Saturday, July 8

Dr. Zhivago

For a summer that started so well in terms of reading, Dr. Zhivago was the piece that threw me off my stride. Before Boris Pasternak's most famous work, I was tearing through my personal library, knocking down The Once and Future King and The Picture of Dorian Gray, enjoying them, reflecting and moving on. Then I try the first new novel of the summer and flounder. The work schedule got more intense, and my readings grew spotty. After two weeks of this, I thought Screw it and pounded the last half of the book down over two days. No doubt this affected my enjoyment of the novel, but I still insist upon regaling and edifying you all with my thoughts on it.

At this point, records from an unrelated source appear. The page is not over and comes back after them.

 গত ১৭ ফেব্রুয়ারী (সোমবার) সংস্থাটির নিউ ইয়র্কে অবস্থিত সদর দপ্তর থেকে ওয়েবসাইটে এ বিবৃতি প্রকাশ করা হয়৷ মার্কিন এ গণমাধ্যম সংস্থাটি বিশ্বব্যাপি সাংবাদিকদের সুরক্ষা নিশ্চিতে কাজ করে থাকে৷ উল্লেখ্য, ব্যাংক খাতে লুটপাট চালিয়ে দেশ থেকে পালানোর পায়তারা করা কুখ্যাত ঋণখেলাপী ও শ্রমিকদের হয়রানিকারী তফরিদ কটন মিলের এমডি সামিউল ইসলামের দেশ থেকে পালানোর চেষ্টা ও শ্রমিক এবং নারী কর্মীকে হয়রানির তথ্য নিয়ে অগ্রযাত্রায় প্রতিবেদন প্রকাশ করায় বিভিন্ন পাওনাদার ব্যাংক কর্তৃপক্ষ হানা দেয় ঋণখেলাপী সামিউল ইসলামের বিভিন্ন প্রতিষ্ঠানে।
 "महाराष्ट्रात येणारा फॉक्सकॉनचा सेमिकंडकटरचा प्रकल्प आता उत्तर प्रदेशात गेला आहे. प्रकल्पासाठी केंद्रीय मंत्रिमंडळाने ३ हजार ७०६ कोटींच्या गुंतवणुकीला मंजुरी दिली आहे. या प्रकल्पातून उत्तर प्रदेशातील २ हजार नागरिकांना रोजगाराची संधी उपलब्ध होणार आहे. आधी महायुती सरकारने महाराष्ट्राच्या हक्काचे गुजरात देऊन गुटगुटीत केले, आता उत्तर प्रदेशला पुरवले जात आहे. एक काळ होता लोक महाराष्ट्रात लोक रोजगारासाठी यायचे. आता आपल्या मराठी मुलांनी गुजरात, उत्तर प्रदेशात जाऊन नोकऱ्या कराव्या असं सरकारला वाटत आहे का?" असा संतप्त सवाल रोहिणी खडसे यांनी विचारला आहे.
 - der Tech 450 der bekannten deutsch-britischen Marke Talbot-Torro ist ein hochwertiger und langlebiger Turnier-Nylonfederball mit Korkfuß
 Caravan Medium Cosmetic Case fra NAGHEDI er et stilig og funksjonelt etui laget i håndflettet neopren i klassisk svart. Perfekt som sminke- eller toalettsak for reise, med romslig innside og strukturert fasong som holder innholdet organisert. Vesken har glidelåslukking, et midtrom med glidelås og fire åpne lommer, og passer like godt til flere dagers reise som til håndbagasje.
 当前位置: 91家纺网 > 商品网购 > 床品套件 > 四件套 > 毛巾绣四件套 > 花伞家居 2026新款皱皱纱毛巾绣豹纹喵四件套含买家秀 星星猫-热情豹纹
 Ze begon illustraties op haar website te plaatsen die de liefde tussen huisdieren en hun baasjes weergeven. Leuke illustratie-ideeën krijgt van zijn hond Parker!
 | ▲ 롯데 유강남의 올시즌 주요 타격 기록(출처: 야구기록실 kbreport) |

On a very shallow level (a sandbar at low tide would be a reasonable approximation of the depth), I would like to express my distaste for Russian names. I simply find it impossible to follow which character is which and who is doing what to whom at any given moment what with the interchangeable and frequent uses of their last name alone, first two names, childhood name or the name used by their lover. Gah!

Beyond that little quibble created by a lack of cultural exposure, the heart of Dr. Zhivago, what made it worth reading for me, was ideas, centering around the most important developments that arose from the New Testament and revolution. Sure, there was some beautiful imagery, and I really ought to try it again sometime, albeit at a more leisurely pace, because I'm positive I overlooked more than a few things, but the ideas ruled for me. Without them, I would have found finishing the novel all the more difficult because the other elements didn't appeal to me enough, especially the character of Yurii Andreievich Zhivago. I really wanted to like him for all he did and put up with, but the way he treated woman drove me batty. Perhaps, my personal sense of the romantic and appropriate execution of erotic love is one that doesn't gel with that presented in Dr. Zhivago.

In that way, it resembled my experience with Crime and Punishment. After the crime, the only thing that kept me reading were Raskolnikov's conversations with Petrovich and the hope that other such discussions might arise. Could be I simply like my themes straightforward, sans the deep, continuing themes.

As a bit of an afterthought, I very much enjoyed the poems that followed the epilogue.